The type is determined from the extension, - i.e. application/json here, even if the MIME-type will be application/javascript.

I.e. MIME-type shouldn't be ever taken into consideration at all, except just for an error, that there's a mismatch.

I haven't found any info about the behavior without assertion, so... What do you think?

[ljharb]

Extensions have no meaning whatsoever in browsers, though.

[jerrygreen]

@ljharb well, extensions are already a thing, and since we can't securely use just MIME-type that comes from a server, so why not use extension as a "default assertion"? Of course, there's still a possibility for a case where extension can't provided, and default assertion can't be determined, like these two examples:

import json from "./foo";
import json from "https://jsonplaceholder.typicode.com/posts/1";

In this case I think the error should be thrown: "AssertionError: assertion or extension isn't provided", and since users may not control what's provided by the server (the whole reason of a security concern), like in the second example, and they can't just add an extension there because it's another path with potentially different results (exactly like in the example: https://jsonplaceholder.typicode.com/posts/1.json returns a different json), in this case you'll have to use assertion as proposed initially.

But in many cases extensions exist in the path, particularly for json files, so a default assertion can be often determined.

This will also partly solve the problem for people complaining the syntax is overcomplicated (#12, me included), in case the proposal is already too committed to this key/value object-like syntax (though I personally hope that usage of key/value syntax can still be reconsidered, but that's another story related to #12).

[ljharb]

@jerrygreen i agree they're a thing - but in the browser they are precisely zero a thing. The MIME type is the only thing the browser has available, and it's sufficiently secure (not sure what you mean there).

The extension in the URL certainly might be a hint to the server for what the MIME type should be, but on the web, the MIME type is the sole authority for how a response should be interpreted. The request URL (which contains the "extension" that doesn't actually exist on the web) doesn't matter.

[jerrygreen]

@ljharb I doesn't seem you've read README.md of the proposal...
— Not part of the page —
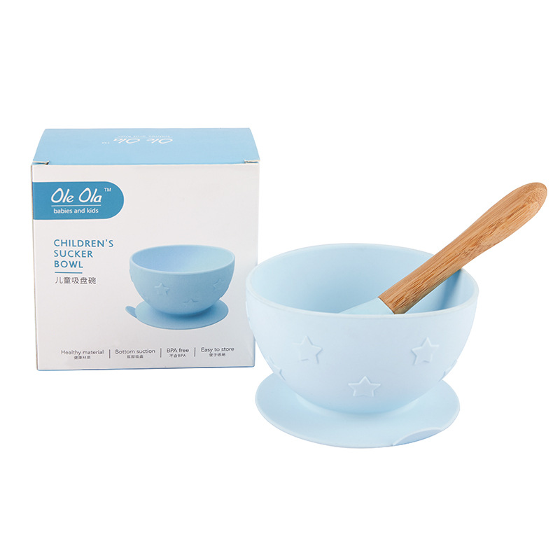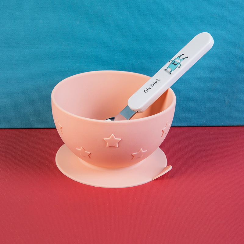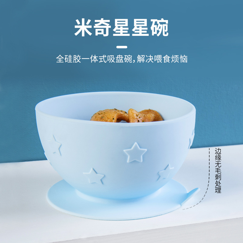 baby-specific portable children's silicone bowl spoon five-pointed star integrated solid food bowl baby sucker bowl
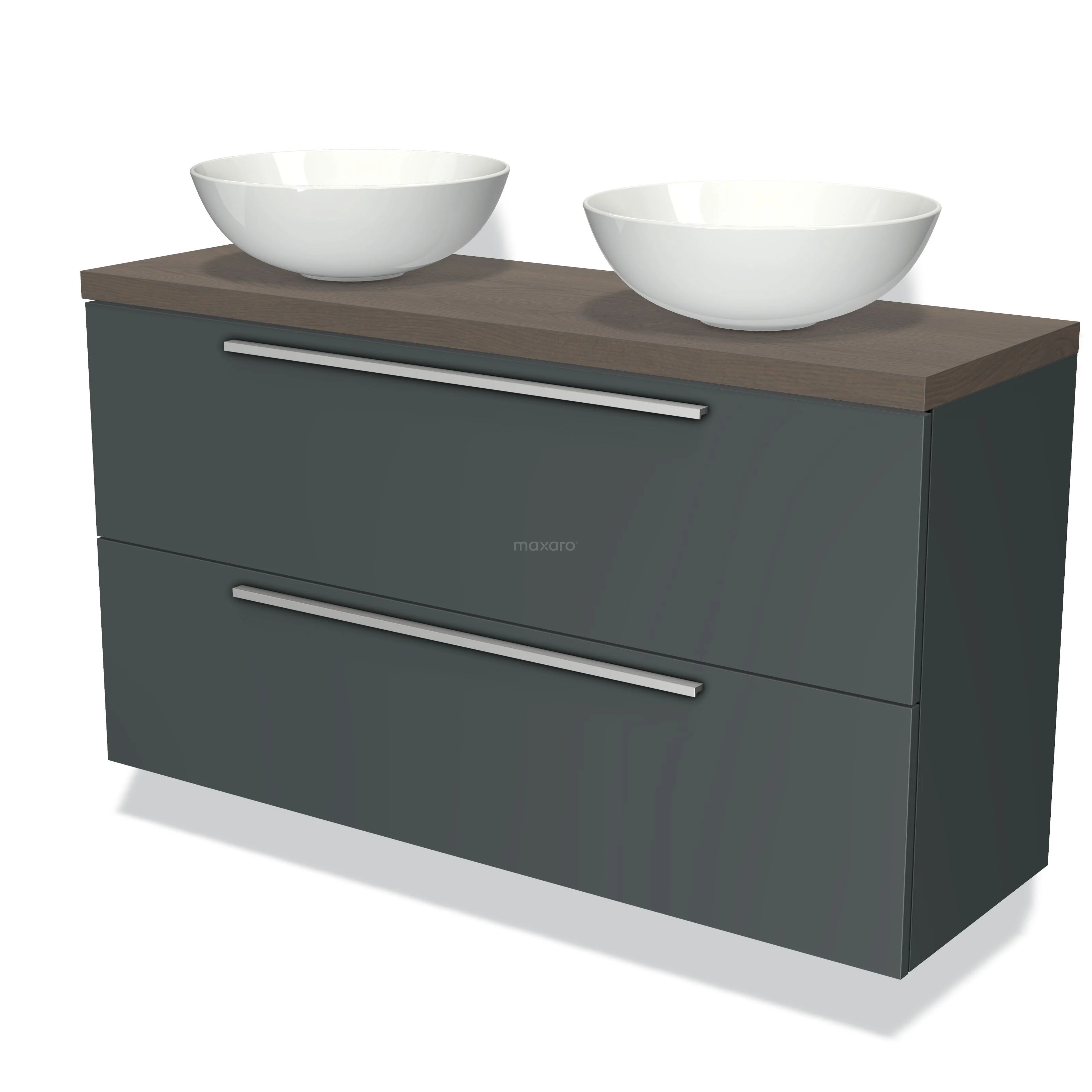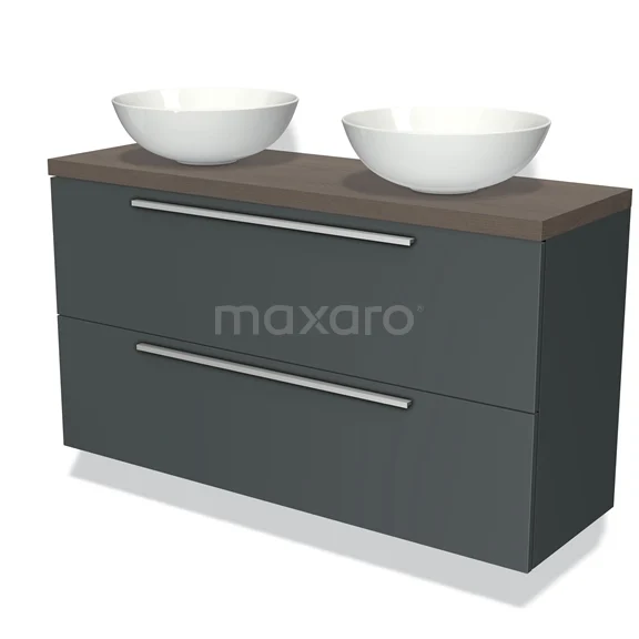 Modulo Plato Slim Badmöbel mit Aufsatzwaschbecken | 120 cm Dunkelgrau Flach front Dunkelbraune Eiche blatt 2 übereinanderliegende Schubladen

However, in an issue, Ryosuke Niwa (Apple) and Anne van Kesteren (Mozilla) proposed that security would be improved if some syntactic marker were required when importing JSON modules and similar module types which cannot execute code, to prevent a scenario where the responding server unexpectedly provides a different MIME type, causing code to be unexpectedly executed. The solution was to somehow indicate that a module was JSON, or in general, not to be executed, somewhere in addition to the MIME type.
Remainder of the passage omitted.